Le fait de sentir se lever un désir sexuel est juste et naturel – vous verrez ensuite, dans l’ensemble des paramètres de votre existence, si vous lui donnez suite ou non. Ne ruinez pas votre destin parce qu’un jour une montée de désir vous a submergé, emporté et conduit à des actes lords de conséquences, et ne niez pas non plus une demande sexuelle.

Comment éviter que la moitié négative de centre moteur, du centre intellectuel et du centre émotionnel, ou les trois ensembles, ne viennent interférer ? Tout travail sur la moitié négative de ces centres sera bénéfique à votre vie sexuelle et, d’une manière générale, l’ensemble de votre « chemin » vous aide à les purifier. Chaque fois que vous vous efforcez de convertir un refus en adhésion ou une contraction en détente, chaque fois que vous remettez en cause un préjugé ou une des prétendues lois qui constituent votre monde subjectif, même si apparemment cela n’a aucune relation directe avec la vie amoureuse, vous servez l’avenir d’une sexualité épanouie. Je ne dis pas que votre vie amoureuse sera miraculée si vous acceptez sans émotion que votre paire de lunette s’est cassée en tombant. Mais si vous prenez définitivement l’habitude de dire oui à ce qui est, le oui finira par imprégner votre existence et par atténuer la force négative des autres centres.

Enfin, pour finir ce résumé, voici un dernier extrait:

Que vous ayez une vie sexuelle ou que les circonstances de votre existence vous condamnent à n’en avoir aucune, ne vous inquiétez pas. Prenez votre destin tel qu’il est aujourd’hui et soyez en paix avec lui. Mais je vous demande à tous et à toutes une réflexion avec un cœur ouvert pour vous réconcilier avec l’énergie sexuelle sans aucune arrière-pensée parce que dans les pratiques concernant ce qui est « au-dessous de la ceinture », notamment le hara, la force sexuelle se trouve impliquée. 

En ce qui me concerne, j’avais reçu une éducation très religieuse qui voyait l’impureté partout : point de salut si l’on faisait l’amour hors du mariage, auquel il fallait accéder vierge avec une jeune fille vierge ; toute autre attitude trahissait l’idéal chrétien. Les groupes Gurdjieff m’ayant convaicu que les relations sexuelles, loin d’être une faute, pouvaient constituer une très fine « nourriture d’impression », j’avais fini par me croire bien normale sexuellement mais il manquait encore quelque chose.
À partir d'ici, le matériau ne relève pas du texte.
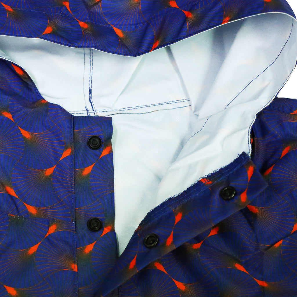 模様を北斎グラフィックらしいカラーリングに洗練されたラインで描かれた扇形を落とし込んだ男女兼用のポンチョタイプの雨合羽が登場!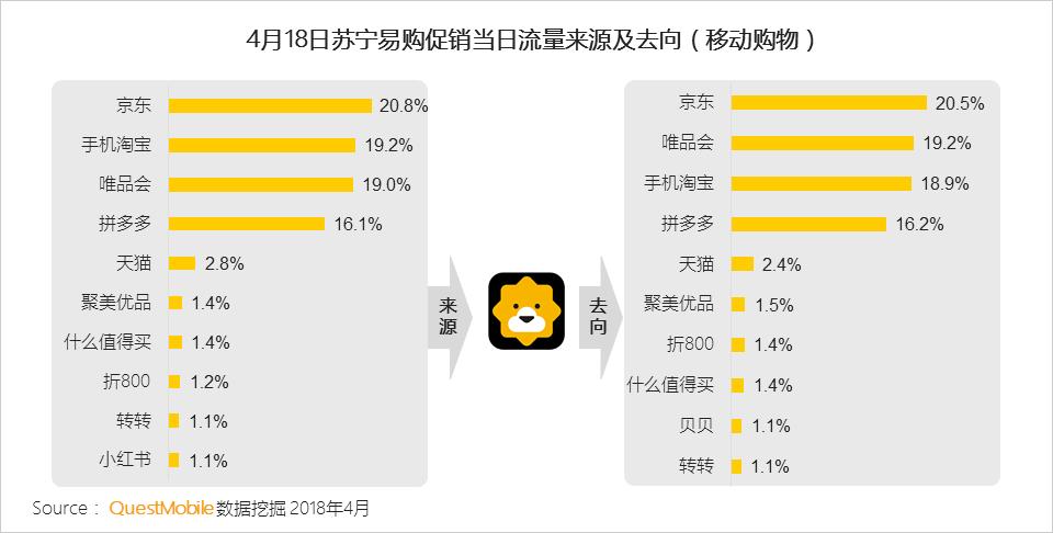 QuestMobile数据显示,由于苏宁本次促销以3C类产品为主要卖点,这也是京东的强势领域。因此在用户来源与去向中,京东占比重都最大。用户徘徊比价特征明显。
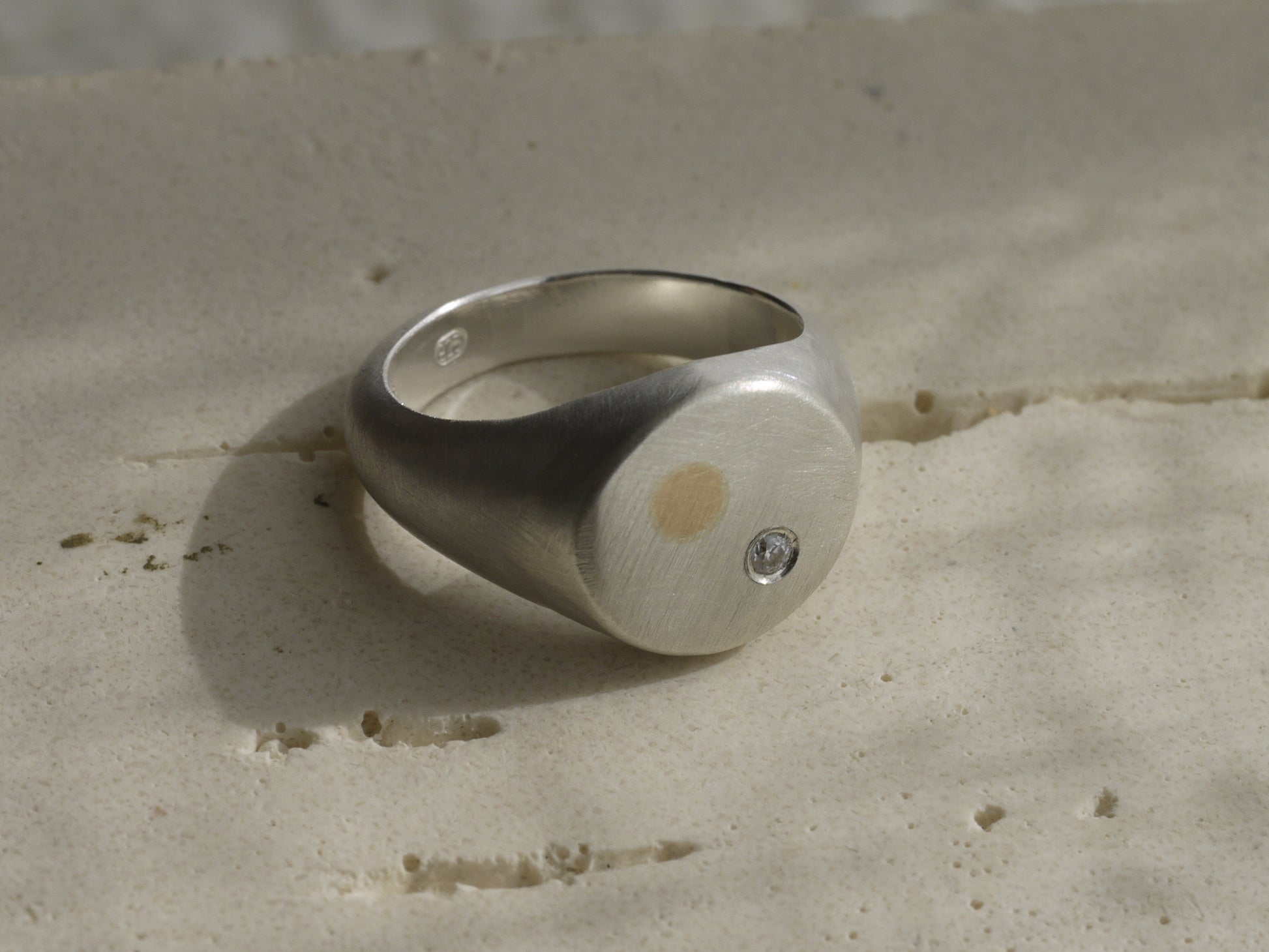 HELIOS Signet Ring with Moissanite - Sterling Silver & 9k Yellow Gold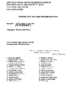 Véndiákok névsora
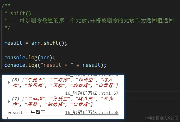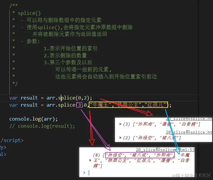 - 使用splice(),会将指定元素冲原数组中删除 并将被删除元素作为返回值返回

C’est l’Asie qui m’a fait découvrir la dimension sacrée de la force sexuelle, quelle que soit la manière dont on l’utilise.

Rien ne parait plus terrible à un homme que l’idée d’être châtré mais cette castration à bel et bien lieu si l’être humain se coupe de la force vitale en lui et de sa capacité à aimer. Je tiens à insister sur cette vérité paradoxale au premier abord : la force sexuelle, c’est la force de l’amour mystique. Si vous n’êtes pas en paix avec votre sexualité, vous pourrez être amoureux, mais vous n’atteindrez pas l’amour spirituel. Un yogi ou un moine du mont Athos qui ne prendront jamais une femme dans leur bras mèneront pourtant leur ascèse avec l’énergie sexuelle. Et si vous refusez cette énergie en vous, simplement parce que vous la considérez comme une activité certes excitante mais animale, vous vous condamnez à une vie gâchée. Je sais par vos confidences quelles souffrances peut entrainer chez les hommes comme chez les femmes cette fonction naturelle quand elle est distordue, déviée, dénaturée.  

4 commentaires:

  1. Voilà qui donne envie de le lire.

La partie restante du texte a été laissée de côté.